## Exercise requirements
From the line containing "Sənaye tipli hava" down to the line containing "На тесто выкладываем" in the records below, reproduce every line exactly, ends included, and omit all others.

## Data extracts
_____

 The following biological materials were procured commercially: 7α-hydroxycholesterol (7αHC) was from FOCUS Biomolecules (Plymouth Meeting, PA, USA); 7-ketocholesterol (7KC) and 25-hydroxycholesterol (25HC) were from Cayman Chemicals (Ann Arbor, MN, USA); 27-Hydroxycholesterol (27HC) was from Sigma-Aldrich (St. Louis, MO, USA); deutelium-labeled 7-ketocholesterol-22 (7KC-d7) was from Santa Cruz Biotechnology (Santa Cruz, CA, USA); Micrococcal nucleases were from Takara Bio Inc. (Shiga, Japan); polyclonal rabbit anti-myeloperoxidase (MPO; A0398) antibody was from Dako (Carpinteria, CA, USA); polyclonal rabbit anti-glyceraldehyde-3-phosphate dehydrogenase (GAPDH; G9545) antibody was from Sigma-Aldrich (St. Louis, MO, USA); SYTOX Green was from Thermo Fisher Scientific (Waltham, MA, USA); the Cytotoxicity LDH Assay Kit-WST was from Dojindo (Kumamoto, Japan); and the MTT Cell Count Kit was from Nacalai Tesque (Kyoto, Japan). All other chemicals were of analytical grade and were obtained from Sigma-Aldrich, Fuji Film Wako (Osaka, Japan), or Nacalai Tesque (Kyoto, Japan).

_____

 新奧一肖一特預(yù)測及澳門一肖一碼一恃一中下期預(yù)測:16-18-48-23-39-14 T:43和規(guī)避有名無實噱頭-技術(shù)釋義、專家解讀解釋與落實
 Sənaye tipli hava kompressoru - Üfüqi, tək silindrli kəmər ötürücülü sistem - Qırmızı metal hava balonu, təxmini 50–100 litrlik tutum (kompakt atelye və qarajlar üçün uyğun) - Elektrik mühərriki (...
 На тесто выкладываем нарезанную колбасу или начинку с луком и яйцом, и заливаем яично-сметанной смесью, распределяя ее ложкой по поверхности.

_____

## Exercise result
 Sənaye tipli hava kompressoru - Üfüqi, tək silindrli kəmər ötürücülü sistem - Qırmızı metal hava balonu, təxmini 50–100 litrlik tutum (kompakt atelye və qarajlar üçün uyğun) - Elektrik mühərriki (...
 На тесто выкладываем нарезанную колбасу или начинку с луком и яйцом, и заливаем яично-сметанной смесью, распределяя ее ложкой по поверхности.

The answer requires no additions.